Sentada num pedregulho ao lado do vice-capitão, Helena trincava pão enquanto bebia água ao mesmo tempo.

— Olha, não é bom comer e beber água ao mesmo tempo — disse Léo, trincando seu pão. Ainda não havia tocado em sua água.

— Como assim? — disse Helena, engolindo o pão esmigalhado entre os seus dentes.

Ah! Minha mãe sempre disse que quando se bebe água e se come ao mesmo tempo, o nosso organismo não absorve direito o nutriente.

Hahahaha! Lá vem você, Léo! Até para comer precisamos fazer cerimônia?!

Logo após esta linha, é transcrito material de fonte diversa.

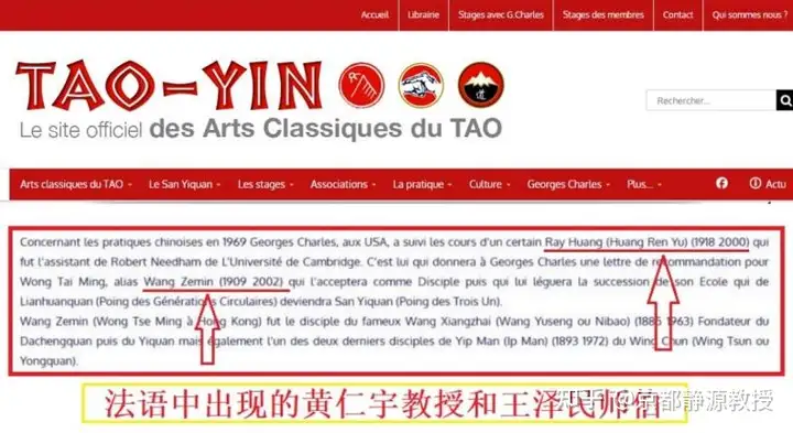 1969年,法国青年学生乔治·查尔斯到美国作交换学生和访问学者。 在加州召开的东亚学术会议上,当时已经修炼日本空手道的乔治·查尔斯,看到一位大会代表在休息时练形意拳和站桩,他感到好奇,就主动向黄仁宇教授求教,想学习中国的形意拳和站桩功法。 因为当时乔治·查尔斯在美国的时间有限,于是,黄仁宇教授推荐他返回法国后,向他在法国的好友王泽民学习形意拳和意拳。结果乔治·查尔斯很兴奋,立刻就恳求黄仁宇教授赶紧给他写推荐信,于是黄仁宇教授当场就撰写了一封推荐信。 乔治·查尔斯回到法国以后,立刻就拜访了王泽民师伯。结果王泽民一看是自己的老朋友黄仁宇教授亲自写的推荐信,当时就答应了收他为徒。这个拜师过程,乔治·查尔斯在他的形意拳网站上有介绍,我们截图如下,他写的是法语。

— Não é cerimônia. É só que...

— É só que você está preocupado demais — cortou Helena, entregando um pouco de água ao Léo. — Relaxa, respira e mantenha o foco.

Ah, Helena... — suspirou Léo, elevando sua jarra de água a boca. — Pronto.

— Melhorou?

— Mais ou menos.

— Vai dar tudo certo. — Helena direcionou o punho ao peito do Léo. — Você é forte. Eu sou forte. Acácias é forte. Vamos sair vitoriosos, assim como nos meus livros os bons sempre saem vitoriosos!

— Certo. — Léo sorriu, aliviado.

Depois daqueles comes e bebes, os soldados retomaram sua marcha sob a liderança da princesa Helena. Estavam com as forças renovadas. Suas barrigas estavam fartas. Agora essa toda energia adquirida seria usada em batalha.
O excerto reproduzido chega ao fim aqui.